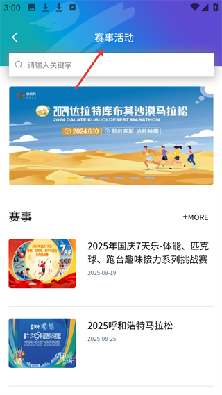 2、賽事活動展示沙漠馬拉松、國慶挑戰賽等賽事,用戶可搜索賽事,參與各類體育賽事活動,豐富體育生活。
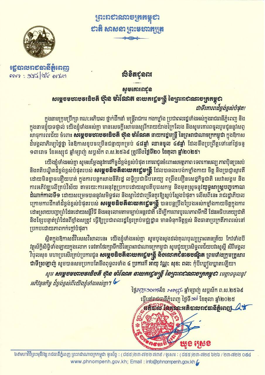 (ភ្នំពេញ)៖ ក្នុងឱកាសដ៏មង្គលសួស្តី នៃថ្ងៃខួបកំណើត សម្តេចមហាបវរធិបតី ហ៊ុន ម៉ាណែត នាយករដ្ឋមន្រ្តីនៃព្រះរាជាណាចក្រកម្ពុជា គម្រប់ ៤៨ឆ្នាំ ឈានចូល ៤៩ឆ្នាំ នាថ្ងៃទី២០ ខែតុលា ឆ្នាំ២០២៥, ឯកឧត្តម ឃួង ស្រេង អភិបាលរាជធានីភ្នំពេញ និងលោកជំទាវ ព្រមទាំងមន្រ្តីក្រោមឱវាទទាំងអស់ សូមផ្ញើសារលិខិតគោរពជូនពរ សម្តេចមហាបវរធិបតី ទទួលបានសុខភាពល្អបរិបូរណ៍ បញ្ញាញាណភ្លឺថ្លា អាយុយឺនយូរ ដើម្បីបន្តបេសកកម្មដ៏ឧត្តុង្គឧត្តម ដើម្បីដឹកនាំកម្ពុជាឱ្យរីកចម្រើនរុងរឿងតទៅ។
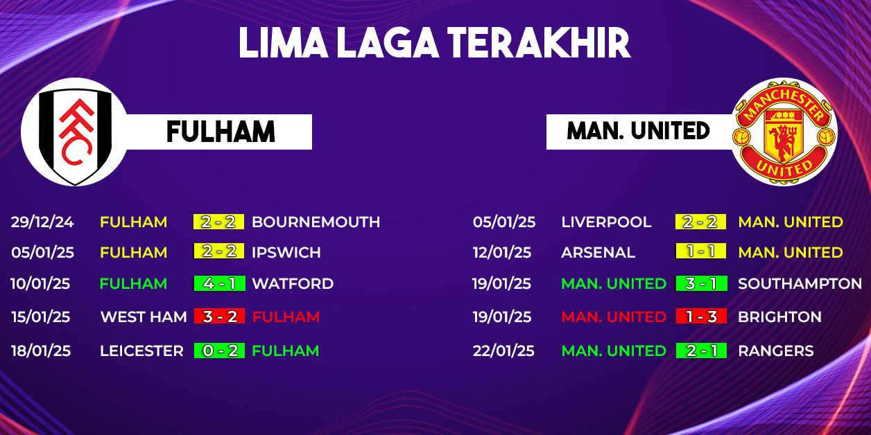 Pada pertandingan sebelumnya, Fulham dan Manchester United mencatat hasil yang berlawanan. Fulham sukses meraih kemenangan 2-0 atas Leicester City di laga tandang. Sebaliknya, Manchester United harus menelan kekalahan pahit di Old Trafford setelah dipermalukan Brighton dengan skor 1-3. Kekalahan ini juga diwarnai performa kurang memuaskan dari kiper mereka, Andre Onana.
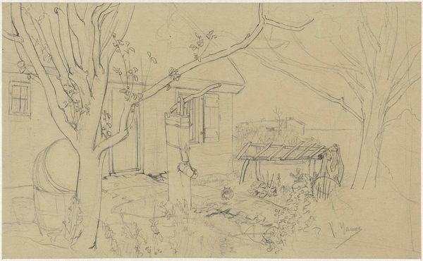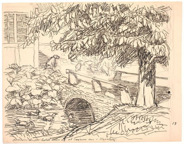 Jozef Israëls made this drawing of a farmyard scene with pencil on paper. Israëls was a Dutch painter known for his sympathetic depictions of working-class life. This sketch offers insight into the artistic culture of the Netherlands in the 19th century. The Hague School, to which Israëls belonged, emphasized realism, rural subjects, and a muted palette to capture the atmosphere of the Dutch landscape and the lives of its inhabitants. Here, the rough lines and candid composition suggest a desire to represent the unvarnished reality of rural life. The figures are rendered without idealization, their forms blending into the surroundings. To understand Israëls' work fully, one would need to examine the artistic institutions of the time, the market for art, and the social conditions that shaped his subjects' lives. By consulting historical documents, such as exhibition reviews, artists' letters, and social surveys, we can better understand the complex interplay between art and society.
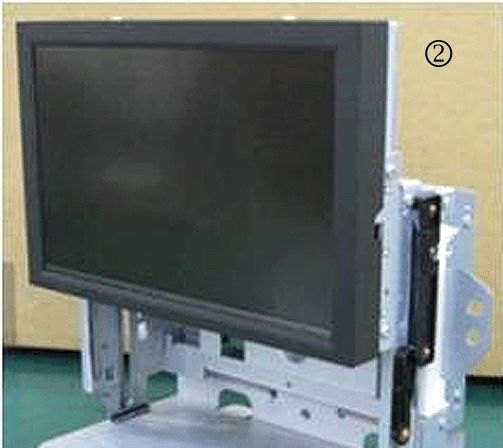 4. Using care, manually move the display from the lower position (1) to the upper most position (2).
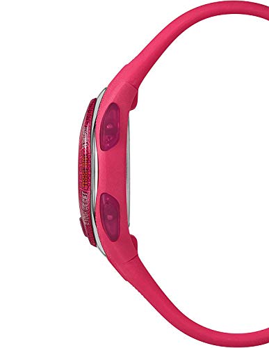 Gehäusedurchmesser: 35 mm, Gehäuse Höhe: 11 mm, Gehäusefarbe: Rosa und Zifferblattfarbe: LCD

# Work instructions
Above are the records; restate exactly the lines from the one containing "(ភ្នំពេញ)៖ ក្នុងឱកាសដ៏មង្គលសួស្តី នៃថ្ងៃខួបកំណើត" through the one containing "Pada pertandingan sebelumnya, Fulham", keeping pictures out.

# The answer
 (ភ្នំពេញ)៖ ក្នុងឱកាសដ៏មង្គលសួស្តី នៃថ្ងៃខួបកំណើត សម្តេចមហាបវរធិបតី ហ៊ុន ម៉ាណែត នាយករដ្ឋមន្រ្តីនៃព្រះរាជាណាចក្រកម្ពុជា គម្រប់ ៤៨ឆ្នាំ ឈានចូល ៤៩ឆ្នាំ នាថ្ងៃទី២០ ខែតុលា ឆ្នាំ២០២៥, ឯកឧត្តម ឃួង ស្រេង អភិបាលរាជធានីភ្នំពេញ និងលោកជំទាវ ព្រមទាំងមន្រ្តីក្រោមឱវាទទាំងអស់ សូមផ្ញើសារលិខិតគោរពជូនពរ សម្តេចមហាបវរធិបតី ទទួលបានសុខភាពល្អបរិបូរណ៍ បញ្ញាញាណភ្លឺថ្លា អាយុយឺនយូរ ដើម្បីបន្តបេសកកម្មដ៏ឧត្តុង្គឧត្តម ដើម្បីដឹកនាំកម្ពុជាឱ្យរីកចម្រើនរុងរឿងតទៅ។
 Pada pertandingan sebelumnya, Fulham dan Manchester United mencatat hasil yang berlawanan. Fulham sukses meraih kemenangan 2-0 atas Leicester City di laga tandang. Sebaliknya, Manchester United harus menelan kekalahan pahit di Old Trafford setelah dipermalukan Brighton dengan skor 1-3. Kekalahan ini juga diwarnai performa kurang memuaskan dari kiper mereka, Andre Onana.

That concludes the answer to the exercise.